OFET output plot (bottom). Gate voltage from 20 V (red)-100 V (purple) in 20 V increments.

==Applications==
The generalized applications of contorted PAHs and organic semiconductors are given as follows.

===Organic Light Emitting Diodes===
The organic semiconductors are being used as OLEDs in various electronic display applications. Philips launched Sensotech Philishave in 2002 featuring first OLED based display panel. Kodak has also introduced LS633 digital camera with award winning OLED display technology. Sony also produced a 27" OLED prototype TV88

===Organic Photovoltaic Cells===
Another extensively researched area toward the applications of organic semiconductors is light harvesting. The current photon conversion efficiency may be an obstacle in commercialization of this technology but there are many attractive features like low cost, flexibility and miniaturization attached.

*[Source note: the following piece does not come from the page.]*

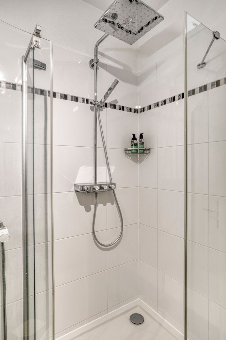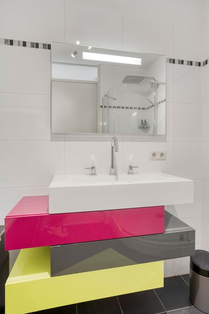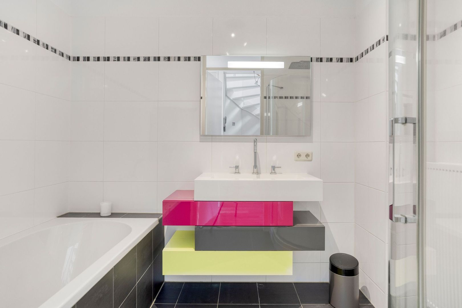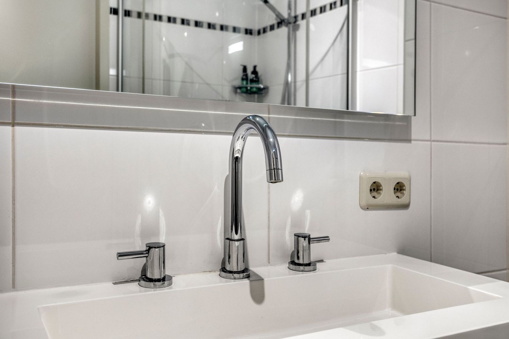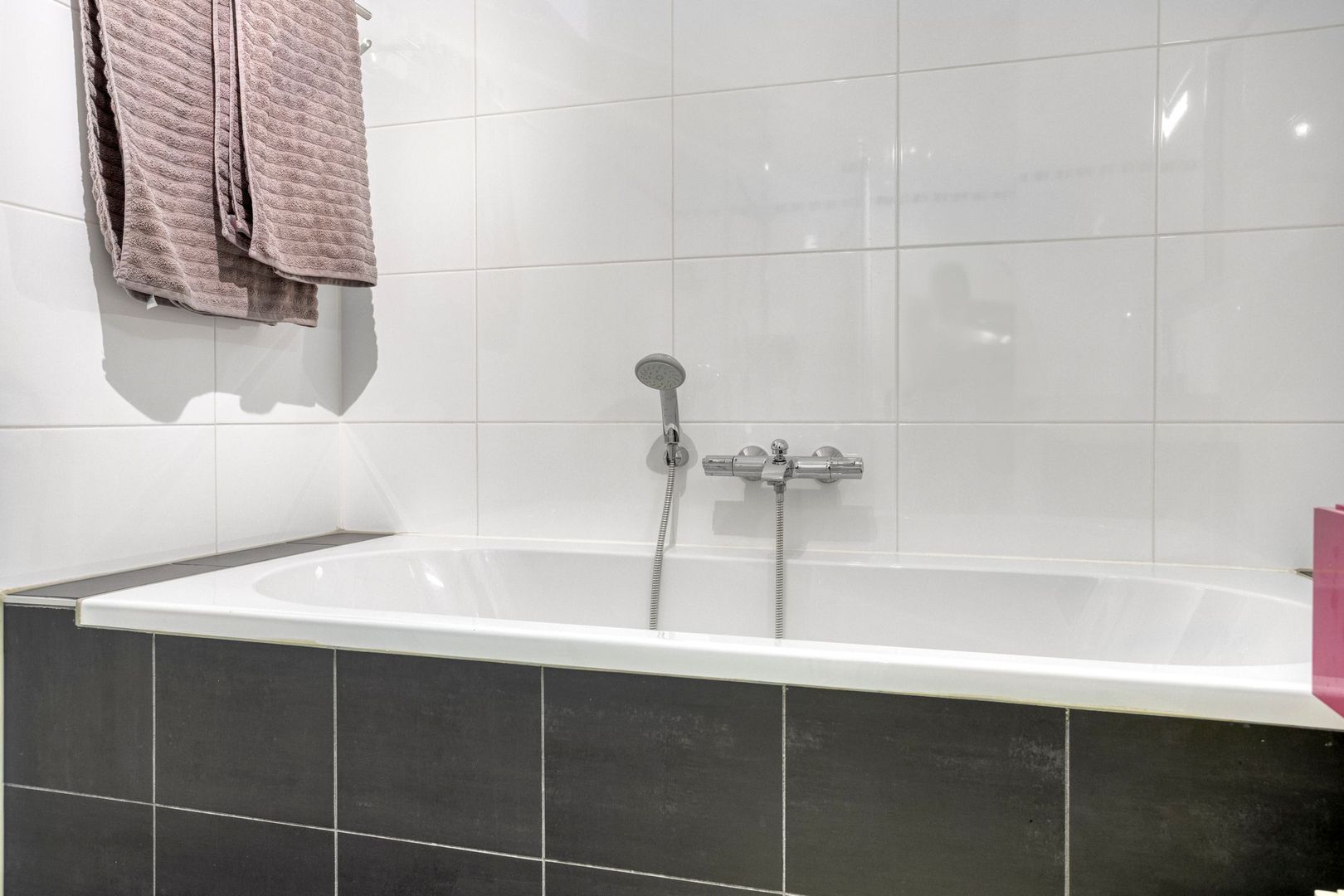 De badkamer is ten tijde van de bouw vergroot en uitgevoerd met een ligbad, inloopdouche, wastafel en handdoekradiator, op de overloop bevindt zich nog een separaat toilet.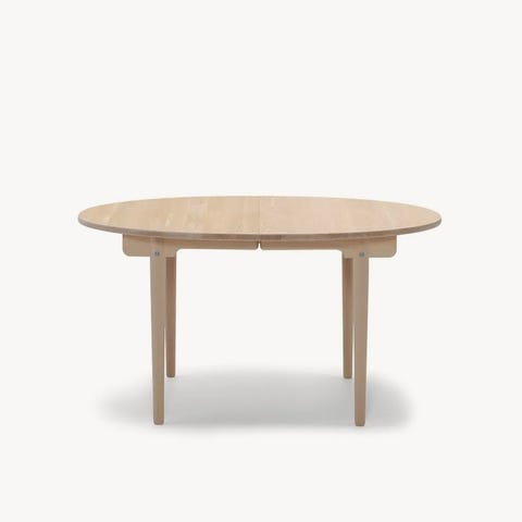 Bordsskivan är i faner av vitpigmenterad oljad ek och stommen i massiv ek, vilket ger både ett lätt visuellt intryck och stabil konstruktion.

===Organic Field Effect Transistors===
OFETs being another exciting application of organic semiconductors. This technology with the right pre-requisites hold enough potential to revolutionise the existing technologies in use.

===Smart Textiles===
The flexibility and light weight feature of organic semiconductors offer futuristic applications like smart fabric for health care, military, sporting and space exploration ventures. This will allow the real time observation of the person's health wearing these fabrics.

===Healthcare===
Organic light emitting diodes can also be used in photodynamic therapy for skin cancer and cosmetic industry for antiaging treatment.

===Flexible Screen and Displays Units===
Flexibility gives another edge to organic semiconductors being better than inorganic semiconductors. This technology may allow us to have screens capable of rolling into small devices. Philips has made a black and white prototype

===Lab on a Chip===
The organic semiconducting technology is replacing silicon and may one day achieve the goal of having a lab on a chip.

The contorted aromatic molecules offer a wide variety of tuning and suitability options. Both electron acceptor (n-type) and electron donor (p-type) contorted molecules can be manufactured. The non-planar structure offers self-assembly characteristics leading to simultaneously optimized miscibility and phase separation. The charge mobility of contorted aromatic molecules being higher in two orders of magnitude than the planar structures points towards them having well-tuned charge percolation pathways. There is still a long way to go from 11% of PCE to theoretical maximum of 20%. If the researchers are able to strike the right balance between miscibility and phase separation of these materials and tune the orbitals correctly they may be able to find the best organic semiconductors.